Saudi Woman Jailed For Using Twitter To “Challenge” King, Crown Prince
A new Saudi woman was jailed for 45 years was sentenced to use Twitter to “challenge” the king and son of the country’s crown, according to court documents that were seen Tuesday by AFP.Hard punishment for Nourah Al-Qahtani, which was revealed last week and withdrew Swift’s international criticism, was issued less than a month after US President Joe Biden voiced concerns about human rights violations during controversial visits to Saudi Arabia.
Punishment documents were given to AFP by Democracy for the Arab World Now (DAWN), a Washington -based rights group founded by Saudi journalists who were killed by Jamal Khashoggi.AFP cannot verify independently, and Saudi authorities have not responded to requests for comments about this case.
The document illustrates Qahtani as the mother of five children in the age of 40 who suffer from unspecified health problems.
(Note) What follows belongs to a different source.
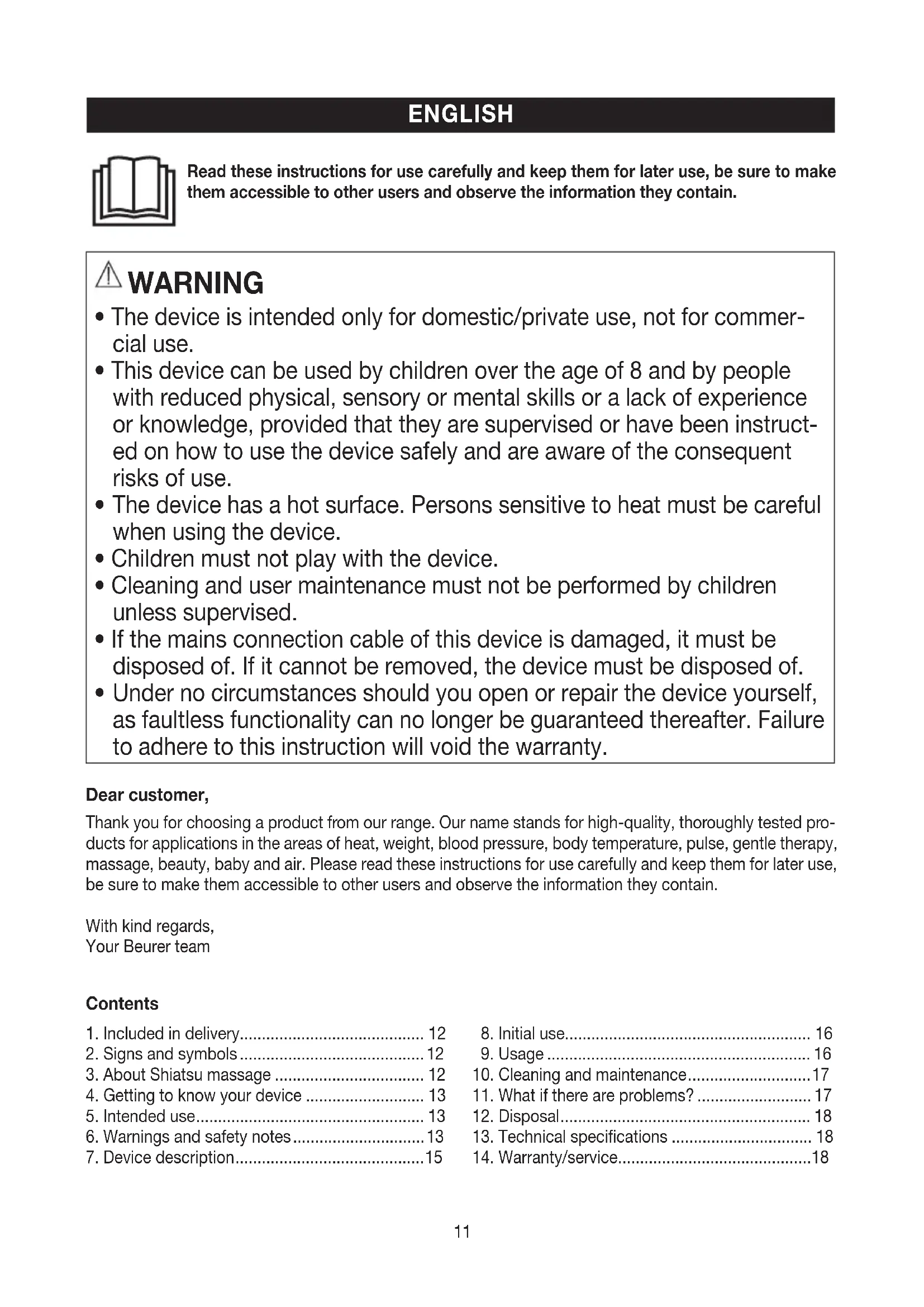 - Under no circumstances should you open or repair the device yourself, as faultless functionality can no longer be guaranteed thereafter. Failure to adhere to this instruction will void the warranty. Dear customer, Thank you for choosing a product from our range. Our name stands for high-quality, thoroughly tested pro- ducts for applications in the areas of heat, weight, blood pressure, body temperature, pulse, gentle therapy, massage, beauty, baby and air. Please read these instructions for use carefully and keep them for later use, be sure to make them accessible to other users and observe the information they contain. With kind regards, Your Beurer team ENGLISH Contents

He does not have a large public profile and unclear how his anonymous Twitter account, which has less than 600 followers, attracts the attention of Saudi authorities.
The court found that Qahtani had used Twitter “to challenge the religion and justice of” Raja Salman and Crown Prince Mohammed bin Salman, a 37 -year -old de facto ruler, according to the document.
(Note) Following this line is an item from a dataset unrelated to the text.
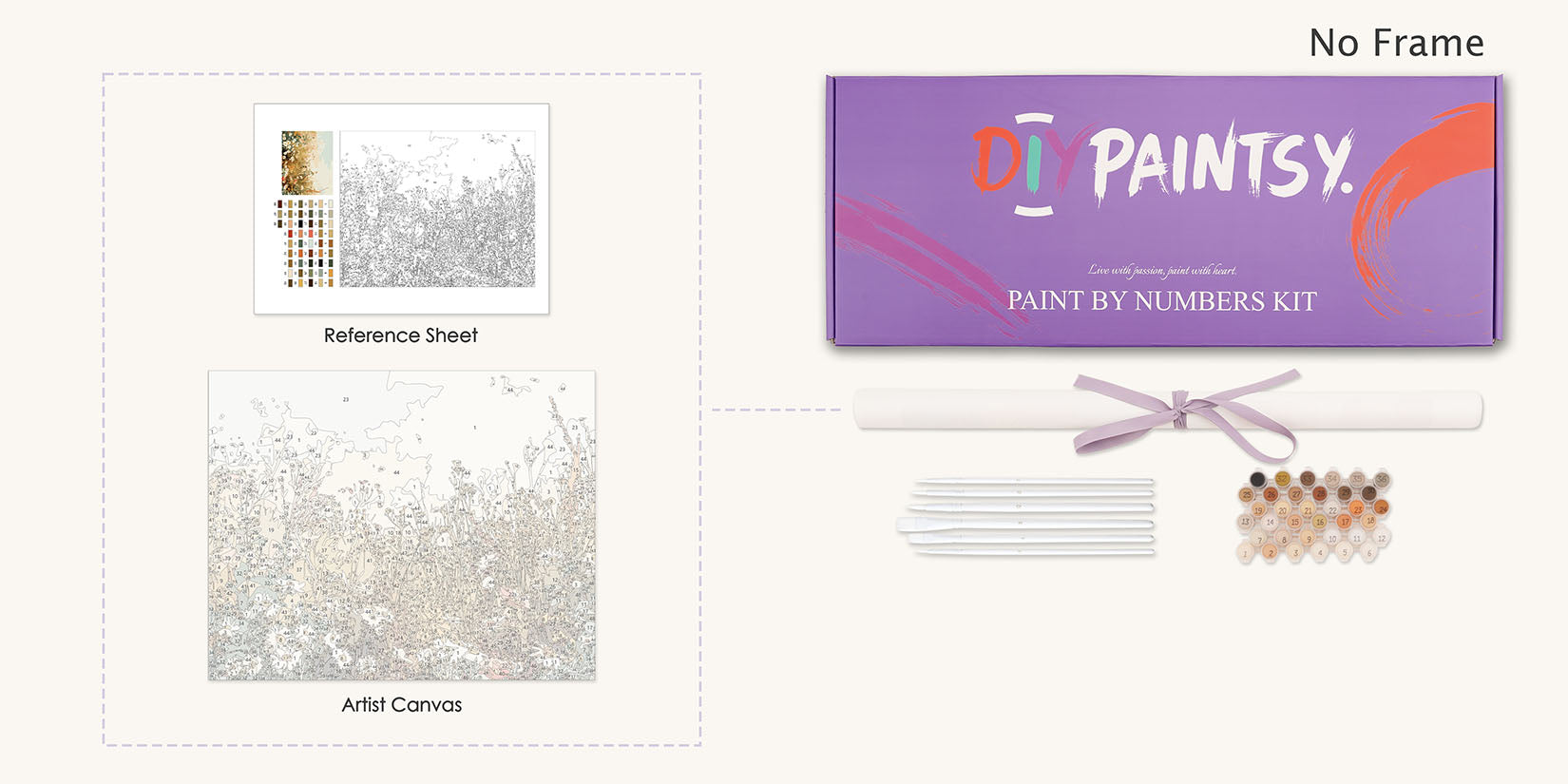 - Frame – Complete paint by numbers kit, including rolled canvas and DIY wooden frame.

He also said he was inciting “their activities that tried to disturb public order and disrupt the security of the community and the stability of the country” by “issuing fake and evil tweets”. Qahtani also uses Twitter to “insult the symbol and state officials” and demand “the release of prisoners who are waiting for security cases,” the document said, without giving further details.
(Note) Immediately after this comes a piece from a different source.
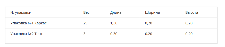• Тент: ткань oxford 240D PU 2000 (водостойкость 2000 мм водяного столба).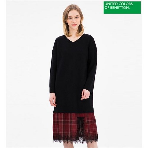 베네통 체크 스커트 레이어드 원피스 BAKO55861 BK

The Qahtani account, as identified in court documents, displays many posts that criticize the government, and the description of the banners including hashtags calling for anti-government protests that coincide with pilgrimage pilgrimage last year. The account is also a postweet of a warning post to arrest them behind public protests, which are not tolerated in Saudi Arabia.
‘Part of a pattern’?
His last post was dated July 2021, the same month Qahtani was detained. The court initially punished him in February to six and a half years in prison, followed by a travel ban for the same amount of time. The prosecution then appealed to a harder sentence, producing a term of 45 years. Prince Mohammed has broken out the expansion of women’s rights under his reign which makes them given the right to drive, while also oversees strong actions against female activists.
Earlier in August, the rights groups published the Salma al-Shahab case, a PhD candidate at the University of Leeds England who was sentenced to 34 years in prison for helping the dissidents who tried to “disturb public order” by retweeting their posts. The Qahtani sentence “is now part of the pattern”, said Abdullah Alaoudh, Dawn Research Director for the Bay area.